Diagnosis of left atrial mass is challenging without histopathological analysis of biopsy specimen. Possibility of left atrial thrombus should be considered for patients with hypercoagulable state. With increased use of NOACs, we should be weary of rebound hypercoagulable state secondary to abrupt withdrawal.


We wish to record our deep sense of gratitude and deep thanks to Dr. Mitchell D. Weinberg, M.D., the Chairman Department of Cardiology, Staten Island University Hospital, NY for his keen interest, inspiring guidance, constant encouragement with our work during all the stages.

Financial Disclosure

None to declare.

Conflict of Interest

None to declare.

Informed Consent

Patient was contacted during the hospital stay and after the discharge.
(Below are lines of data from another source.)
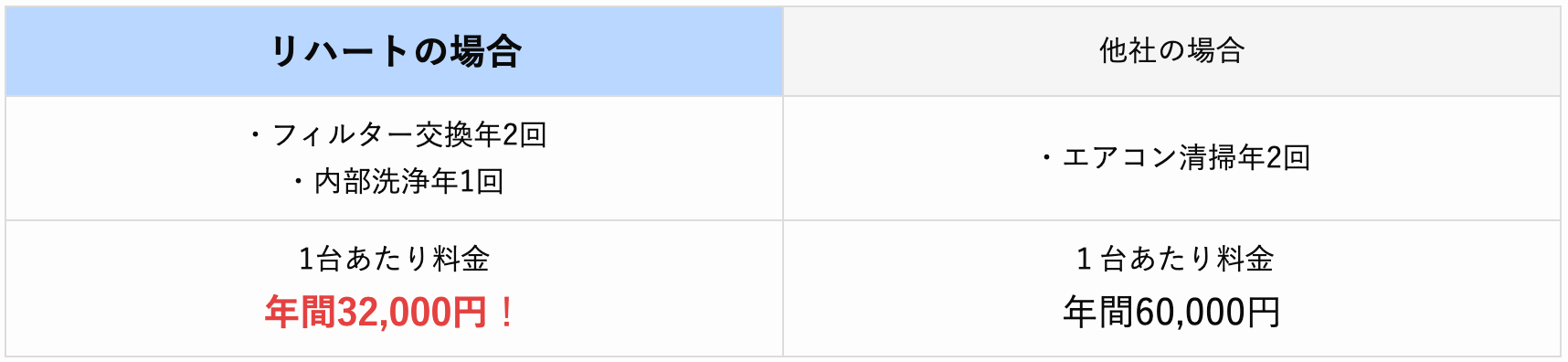 リハートの業務用エアコンフィルター定期交換サービスの料金
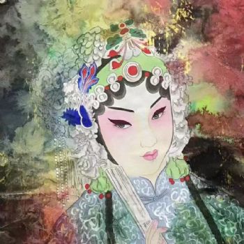 • 纯手绘精品四尺斗方戏曲人物国画彩墨水彩国画
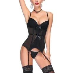 – The corset lingerie features delicate lace and curve-enhancing boning for a perfect fit.

Consent was obtained over the telephone for the use of patient data and imaging studies for the publication of case for purely educational and research purposes to which the patient agreed. Written consent could not be obtained due to the patient’s limited visitations to outpatient clinic for follow-up.

Author Contributions

Dr. Khan was part of the primary team of the patient during his care in the ICU. He came up with idea of writing this case and wrote the case presentation. Dr. Mustafa helped with writing the introduction and abstract of the case reports. Dr. Niazi did the literature review and completed the discussion part. Dr. Karam and Dr. Munir who are cardiology fellows helped with procurement of echocardiogram images and guided in the process of writing the case report. Dr. Snyder and Dr. Lafferty reviewed the final version of write up and made some changes to it according to their expertise.

Data Availability

Any inquiries related to supporting data availability of this study should be directed to corresponding author.